This is possibly the funniest question I have ever read on the forum. Hellooooo! I'm sorry, I know you didn't mean the question the way it struck me, but when you just look at the question by itself, it's pretty funny. Obviously people have been passing themselves off as of the other sex both in writing in person for a very long time. As far as the forum, I really don't think about the person, I just read what they write and react to that. I don't treat one differently than the other.
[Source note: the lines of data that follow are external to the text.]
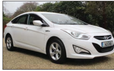
*142 Hyundai i40 1.7 Diesel , White, 84k miles, stunning, black upholstery, phone prep, MFSW, a/con, cruise, f/fogs, new clutch & flywheel just fitted, tax 06/19, NCT 09/20, 2 keys, €10,950
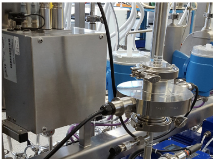
[tec5USA Online UV-Vis Analyzer]

With the tec5USA UV-Vis Spectrometer, the spectral acquisition times are short enough so that samples can be taken of the reaction mixture as frequently as every few milliseconds. This means that, should unwanted auto-polymerization occur, or other rapid reactions, the real-time concentration information can be used to adjust and optimize the process as necessary.
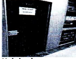
Unit in charge

Moon Star Building, Second Floor, Kingsway Road , Maseru 100 Tel: +266 2231 7386 Email: general@mcc.org.ls Website: http://www.mcc.org.ls/

Real life is another matter!


----------



## Athaulf

Setwale_Charm said:


> OK, I am opening a new thread and the mods should feel free to transfer our "wanderings away from the point" in the Nickname thread into this one.
> Is is at all possible to detect whether the author of any writing is a male or a female unless, of course, they give specific allusions to this fact?
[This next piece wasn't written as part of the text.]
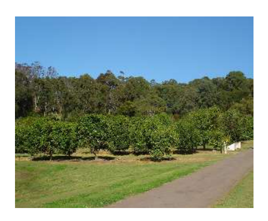
Figure.10.1. Photo images of protected cultivation (A) and open-air cultivation (B).

Usually yes, with a relatively few exceptions.  However, I'd probably better not go into the details of the relevant criteria.  
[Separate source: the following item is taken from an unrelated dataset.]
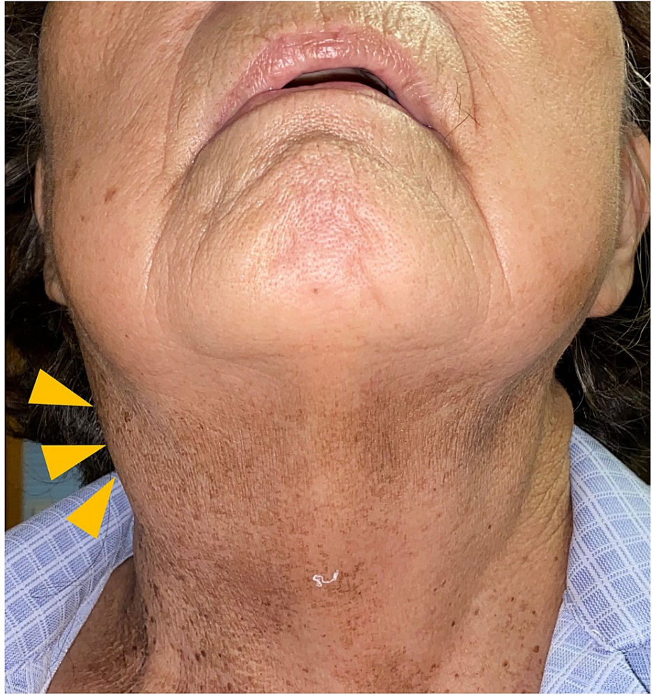
FIGURE 1: Right cervical swelling was observed, and pain was present in the same area (arrows).

> Is it possible to pretend to be of the opposite sex?


Generally yes, but some people can't do it at all, while only a small minority of people could successfully maintain such a deception for a longer period of time.  It's somewhat like pretending to be a native speaker of a language in writing; even if you can maintain a convincing general tone, sooner or later you're going to write something that's a dead giveaway. As for me, I don't think I would be able to produce a single paragraph that could pass as having been written by a woman.


----------



## Setwale_Charm

Venezuelan_sweetie said:


> Confession: back on my days as a newbie (not too long ago, indeed) I thought you were a guy, Setwale Charm.
> 
> Several times, I had to click on your profile, re-read "female" and "daughter", and control myself before sending you a PM asking "are you a he, or a she?"


 



geve said:


> Me too.


 
Now, that`s interesting! Will you guys give me good references should I want to apply for a CIA or SIS job? You can always confirm that the gender deception bit comes quite naturally to me.
However, I wonder where exactly that stems from. I mean, I know a few women who are "manly" in their behaviour, who talk and act like men and always wear trousers, in all senses. However, I am definitely not of them. What`s more, in real life I have no inclinations that could possibly lead to man-like behaviour: I am neither lesbian, nor particularly feministic, nor a member of any specific "uni-sex" movement and I have got plenty of skirts. 
You will possibly be disappointed upon seeing me in real life.


----------



## winklepicker

Fernando said:


> In this forum, the surest is to think the "default" sex is female.


 
That's interesting! Why do you say so?


----------



## drei_lengua

Hola/Guten Abend/Cześć/Hello/Howdy/Bonjour/Bonjourno (sp?)/Good day

Whether one can ascertain another person's gender by his ... her ... writing depends on the language being written.  The adjectives in Spanish quickly give away the gender of the person.  The past tense and conditional verb conjugations in Polish give away the gender of the person.  

So with this being said, would someone alter the adjectives when writing in Spanish or alter the past tense and conditional verb conjugations when writing in Polish?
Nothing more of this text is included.